‘Yanık Tenliler diyarı' Ethiopia'nın başkenti ‘Adisi'den... -2-
Hz. Peygamber (S) eliyle sunulan İslam'ın ilk dönem tarihinde, Yüce Resul'ün özel övgü ve takdirine mazhar olmuş olan Necâşî ve Bilâl-i Habeşî gibi büyük Müslüman şahsiyetlerin ülkesi olan -yaklaşık 50 yıldır bizde de artık- resmî adıyla Etiyopya/ (Ethiopia)'diye anılan ülkedeyim, 2-3 gündür.

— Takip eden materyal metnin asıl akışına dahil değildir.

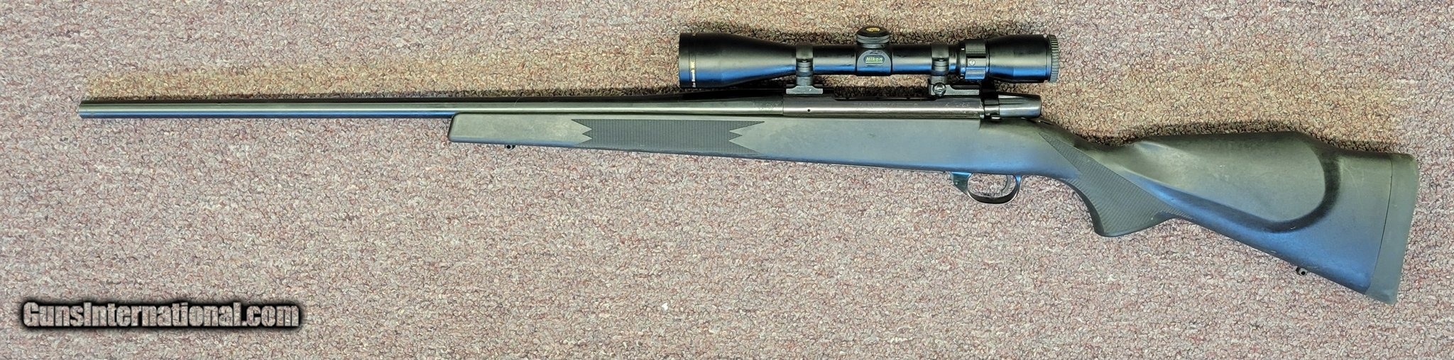 Description: Guns Listing ID: 1395803 Available - this perfectly clean Weatherby Vanguard bolt action rifle. Chambered in .30-06, it is topped with a fine, Nikon Monarch 3 - 9 x 40 scope on Leupold mounts and rings and has been bore sighted here in our gunsmith shop. The barrel is 24\" long and the chamber and bore are bright and clean. SOLD Manufacturer: WEATHERBY Model: VANGUARD Caliber Info: .30-06 SPRG Condition: Used - Non-Certified Barrels: 24 BARREL Finish: POLISHED BLUE |

Ancak sözün hemen başında, bir konuya dikkati çekmek istiyorum. Geçmişte Habeşistan diye andığımız, halkını da Habeş olarak adlandırdığımız Etiyopya'da, Habeş ve Habeşistan isim ve sıfatları, hiç de hoş karşılanmıyormuş, hele de bazı eyaletlerde daha fazlasıyla..

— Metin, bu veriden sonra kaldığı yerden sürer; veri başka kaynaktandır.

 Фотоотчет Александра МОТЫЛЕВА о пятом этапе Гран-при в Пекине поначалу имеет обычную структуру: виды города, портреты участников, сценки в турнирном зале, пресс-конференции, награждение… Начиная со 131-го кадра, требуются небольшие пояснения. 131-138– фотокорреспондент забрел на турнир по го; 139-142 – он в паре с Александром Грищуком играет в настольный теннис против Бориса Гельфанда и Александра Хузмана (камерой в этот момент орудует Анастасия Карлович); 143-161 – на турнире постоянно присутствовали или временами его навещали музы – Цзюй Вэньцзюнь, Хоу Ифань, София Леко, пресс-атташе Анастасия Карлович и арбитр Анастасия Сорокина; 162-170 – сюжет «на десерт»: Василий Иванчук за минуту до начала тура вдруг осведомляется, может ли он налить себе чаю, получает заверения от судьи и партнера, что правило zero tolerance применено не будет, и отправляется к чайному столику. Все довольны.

Hattâ bazı eyaletlerin halkları, bu isimlendirmeyle, kendilerinin 'maymun'a benzetildiklerini düşünüyor ve bundan elbette rahatsız oluyorlarmış.. Şahsen bu kelimenin akl-ı selîm sahibi Müslümanlar tarafından o mânada kullanılmış olabileceğine ihtimal vermiyorum.
Çünkü, her şeyden önce, Kur'an'da 'Tin' Sûresi'ndeki, 'Biz insanı en güzel şekilde halkettik, yarattık..' meâlindeki âyette anlatılan 'insan'ı aşağılamak için, başka yaratıklara benzetmek, kabul edilemez. Ama, -bizim niyetimiz her ne olursa olsun-; asıl olan, muhatapların ne anladığıdır. Bu açıdan, o ülkenin resmî adının son 50 seneyi aşkın bir zamandır 'Ethiopia' diye değiştirilmesinin sebebini yeni yeni anlıyorum..

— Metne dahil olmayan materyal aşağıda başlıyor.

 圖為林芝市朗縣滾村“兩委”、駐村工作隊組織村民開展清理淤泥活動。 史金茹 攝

Eğer bu isimlendirme gerçekten de o mânada kullanılıyorsa, Hz. Bilâl için kullandığımız ve yaşadığı coğrafyaya nisbet etmek için kullanılan aidiyet isim-sıfatını bir daha kullanmak istemem. Bu konuda daha sağlıklı bilgisi olanlar varsa, bilgi ve haber verirlerse müteşekkir olurum.
*
Evet, buradaki insanlar genelde, Habeşistan ismini hiç kullanmamış.. Bu diyarlara, çok eski zamanlarda; "Köleler diyarı" mânasına gelen 'Abyssinia' denilirmiş. Bugünkü ismi 'Etiyopya' ise, 'Yanık Tenliler diyarı" mânasında imiş..
Başka toplumların hakaretâmiz isimlendirmelerinden kurtulmak için, kendi halklarının çoğunun ten renginin çok siyah olmayıp, 'açık renkli çikolata' renginde olmasından olsa gerek ki, bu ismi tercih etmişler.. Yoksa, önceleri Afrika'nın ortasında, doğudan batıya bir orta şerit gibi uzanan bugünkü , Sûdan, Uganda, Kongo, Nijer ve Nijerya'yı içine alan büyük coğrafyanın adı da Arapça da, 'kara' demek olan 'sevde/esved'in çoğulu olan ve 'karalar ülkesi/diyarı ' mânasına gelen Sûdan /Sevedân idi. Ama o ülkelerin halkları fıtrat-i ilâhî'nin bu takdirine itaat etmişler, bu durumlarından bir rahatsızlık duymamışlar.
Ama, burada, sokaktaki yeni nesillerin 'beyaz' derililere bakışı, imrenmenin ötesinde, garip ve fakir insanların patronları karşısındaki ezik duruşlarını yansıtıyor gibi.. Beyaz bir kişinin elini onların omuzları üzerine atıp birlikte fotoğraf çektirmeyi kabul etmelerinden bile mutlu oluyorlar..
Doğrusu, bu durumdan, şahsen, bu kez daha bir acı duydum. Hele de, beyaz derili bir insan görünce, onun etrafını çeviren ve dilenen yığınla çocuk, ihtiyar ve kucağında çocuğu anneler tarafından kuşatılıyorsunuz..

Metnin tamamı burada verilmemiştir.